It is of paramount importance to improve the control over large area growth of high quality molybdenum disulfide (MoS2) and other types of 2D dichalcogenides. Such atomically thin materials have great potential for use in electronics, and are thought to make possible the first real applications of spintronics. Here in, a facile and reproducible method of producing wafer scale atomically thin MoS2 layers has been developed using the incorporation of a chelating agent in a common organic solvent, dimethyl sulfoxide (DMSO). Previously, solution processing of a MoS2 precursor, ammonium tetrathiomolybdate ((NH4)2MoS4), and subsequent thermolysis was used to produce large area MoS2 layers. Our work here shows that the use of ethylenediaminetetraacetic acid (EDTA) in DMSO exerts superior control over wafer coverage and film thickness, and the results demonstrate that the chelating action and dispersing effect of EDTA is critical in growing uniform films. Raman spectroscopy, photoluminescence (PL), x-ray photoelectron spectroscopy (XPS), Fourier transform infrared spectroscopy (FTIR), atomic force microscopy (AFM) and high-resolution scanning transmission electron microscopy (HR-STEM) indicate the formation of homogenous few layer MoS2 films at the wafer scale, resulting from the novel chelant-in-solution method.

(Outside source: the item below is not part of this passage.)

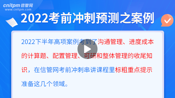 对于分析题,2022下半年高项案例考到了沟通管理、配置管理、可研、整理管理的收尾知识,在JRS直播考前冲刺串讲课程里标粗重点提示准备这几个领域,如果平常有认真学习然后再通过考前冲刺串讲的重点复习,相信这些内容都是可以答出来的。
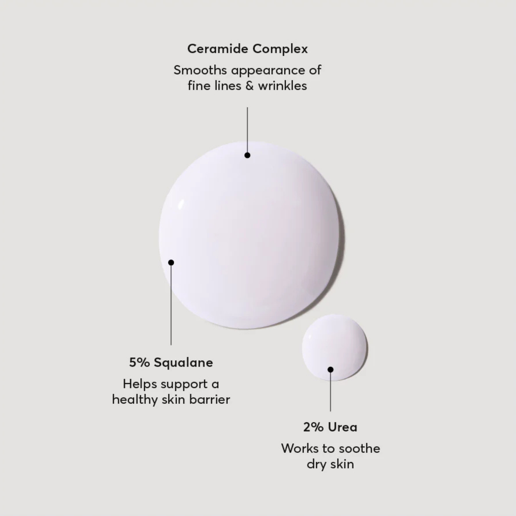 This advanced skin hydrator is an oil-serum formulated with 5% Squalane, 2% Urea and a Ceramide Complex to support a healthy skin barrier. This nourishing formula plumps, brightens and hydrates skin for a glowing complexion.

Original languageEnglish (US)
Article number6419
JournalScientific reports
Issue number1
StatePublished - Dec 1 2017

Bibliographical note

Funding Information:
Financial support for this work was provided by the STARnet center, C-SPIN (Center for Spintronic Materials, Interfaces, and Novel Architectures), through the SRC (Semiconductor Research Corporation) sponsored by the MARCO (Microelectronics Advanced Research Corporation) and the DARPA (Defense Advanced Research Projects Agency). XPS (X-ray photoelectron spectroscopy) data were acquired with equipment funded by the NSF (National Science Foundation) under the Major Research Instrumentation Program (NSF grant no. DMR- 0958796). STEM (Scanning Transmission Electron Microscopy) analysis was carried out in the Characterization Facility of the University of Minnesota, which receives partial support from NSF through the MRSEC program (NSF grant no. DMR-0819885).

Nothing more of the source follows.